Excellent response defined in this study as non-stimulated Tg < 0.2ng/ml, was seen in 72.1% of our patients at last follow up. This is much less than 82.7% disease free survival previously reported in the Omani population 13. This discrepancy is likely due to longer follow up and additional treatment to achieve disease free status in the prior study.

The percentage of patients with non-stimulated Tg < 0.2ng/ml post operatively was 34%. This increased to 70% at 6 months post radioactive iodine. Multiple factors that correlate with low-risk disease predicted this excellent response. These are T1 tumours, female gender, absence of lympho-vascular invasion, absence of extrathyroidal extension and absence of distant metastasis. Multivariate analyses however showed tumour size as a significant predictor of response with T1 tumours being more likely to achieve excellent response. None of the cases with distant metastases achieved excellent response during the follow up period. ATA low risk and AJCC stage 1 disease unsurprisingly are significantly associated with excellent response.

The age and gender distribution in our patient population is comparable to prior study in Oman 13. There is an overwhelming female preponderance with most presenting in the fourth decade. The age of peak incidence is similar to Saudi Arabia 14 but our patients tend to be younger compared to Australia, UK and US 15. The younger age of incidence is not attributable to incidental diagnosis as there is no routine screening program. Both age less <45 years and female gender have strong association with excellent response. This finding is similar to many prior studies 16, 17, 18 but differ from prior study in Oman 13. This may be related to the follow up duration which was longer in the Oman study and measured outcome – disease free survival vs excellent response.

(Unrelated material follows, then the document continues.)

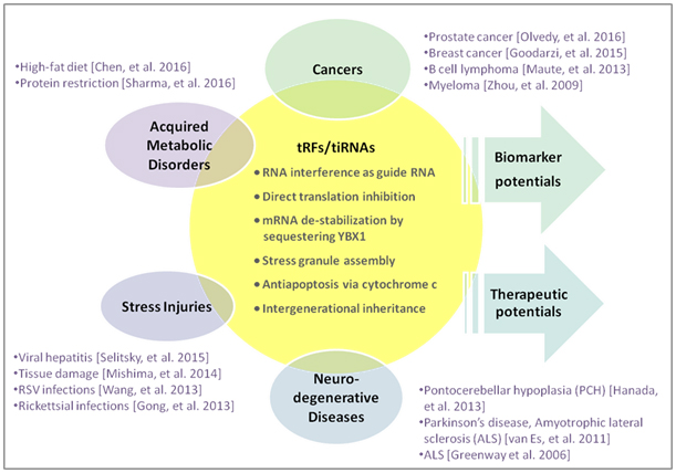 tRFs and tiRNAs, generated through precise biogenesis processes from tRNA, perform many biological functions as small noncoding RNAs and are associated with many diseases and conditions (Fig.1) . They are known to act as microRNAs in RNA interference; bind protein factors to regulate target mRNA stability; interact with cytochrome c to modulate apoptosis; alter embryonic transcriptional cascades as paternal epigenetic factor in intergenerational inheritance of metabolic disorders; and assemble stress granules in response to stress conditions.

There is a strong association between tumour size <1cm and excellent response as previously reported in multiple studies 17, 19. No separate analysis of patients with tumours ≥4cm was done due to limited number of patients. In our patient population, about half of the patients were obese but more importantly, all patients with AJCC stage 4 disease were obese. These patients are only 3% of our study cohort and we are unable to draw a definite association between obesity and advanced stage disease.

A very important finding in our study is the distribution of advanced disease based on the region of Oman the patient is referred from. The highest proportion of patients are from the Al-Batinah province, followed by Muscat mirroring the higher population of these governorates. The Dhofar governorate had majority (38%) of the cases with distant metastases while only having 9% of total cases. About one out of four patients referred from the Dhofar province had distant metastases and this was statistically significant. Possible explanation of the latent is late diagnosis because of societal behaviour that favours delay in seeking treatment. In addition, there may be underlying biological or genetic differences associated with more aggressive disease behavior in this population, although this would require further investigation. A higher prevalence of obesity in Dhofar may also contribute to more advanced disease at presentation 20.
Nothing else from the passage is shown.